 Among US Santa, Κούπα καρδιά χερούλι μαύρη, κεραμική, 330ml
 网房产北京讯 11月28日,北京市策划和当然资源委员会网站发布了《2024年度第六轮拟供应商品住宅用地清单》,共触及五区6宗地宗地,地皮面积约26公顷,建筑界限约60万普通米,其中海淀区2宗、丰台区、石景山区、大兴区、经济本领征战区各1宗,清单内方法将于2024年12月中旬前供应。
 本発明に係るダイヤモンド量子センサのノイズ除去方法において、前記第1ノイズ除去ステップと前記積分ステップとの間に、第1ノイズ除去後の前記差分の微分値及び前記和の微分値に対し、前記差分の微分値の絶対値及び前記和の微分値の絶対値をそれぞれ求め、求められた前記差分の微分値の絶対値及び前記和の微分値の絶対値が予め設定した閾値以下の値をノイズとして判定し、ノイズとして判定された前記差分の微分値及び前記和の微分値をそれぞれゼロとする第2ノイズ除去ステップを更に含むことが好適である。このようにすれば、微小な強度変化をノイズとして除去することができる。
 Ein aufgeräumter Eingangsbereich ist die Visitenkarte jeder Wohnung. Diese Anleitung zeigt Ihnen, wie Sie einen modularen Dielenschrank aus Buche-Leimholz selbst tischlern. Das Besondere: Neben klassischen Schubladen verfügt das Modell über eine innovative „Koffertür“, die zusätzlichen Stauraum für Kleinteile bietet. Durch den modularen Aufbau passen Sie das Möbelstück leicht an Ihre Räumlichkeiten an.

━━━━━━━━

> [TASK DESCRIPTION]:
Set down the whole listing again, exactly as it was given.

> [OUTPUT BELOW]:
 Among US Santa, Κούπα καρδιά χερούλι μαύρη, κεραμική, 330ml
 网房产北京讯 11月28日,北京市策划和当然资源委员会网站发布了《2024年度第六轮拟供应商品住宅用地清单》,共触及五区6宗地宗地,地皮面积约26公顷,建筑界限约60万普通米,其中海淀区2宗、丰台区、石景山区、大兴区、经济本领征战区各1宗,清单内方法将于2024年12月中旬前供应。
 本発明に係るダイヤモンド量子センサのノイズ除去方法において、前記第1ノイズ除去ステップと前記積分ステップとの間に、第1ノイズ除去後の前記差分の微分値及び前記和の微分値に対し、前記差分の微分値の絶対値及び前記和の微分値の絶対値をそれぞれ求め、求められた前記差分の微分値の絶対値及び前記和の微分値の絶対値が予め設定した閾値以下の値をノイズとして判定し、ノイズとして判定された前記差分の微分値及び前記和の微分値をそれぞれゼロとする第2ノイズ除去ステップを更に含むことが好適である。このようにすれば、微小な強度変化をノイズとして除去することができる。
 Ein aufgeräumter Eingangsbereich ist die Visitenkarte jeder Wohnung. Diese Anleitung zeigt Ihnen, wie Sie einen modularen Dielenschrank aus Buche-Leimholz selbst tischlern. Das Besondere: Neben klassischen Schubladen verfügt das Modell über eine innovative „Koffertür“, die zusätzlichen Stauraum für Kleinteile bietet. Durch den modularen Aufbau passen Sie das Möbelstück leicht an Ihre Räumlichkeiten an.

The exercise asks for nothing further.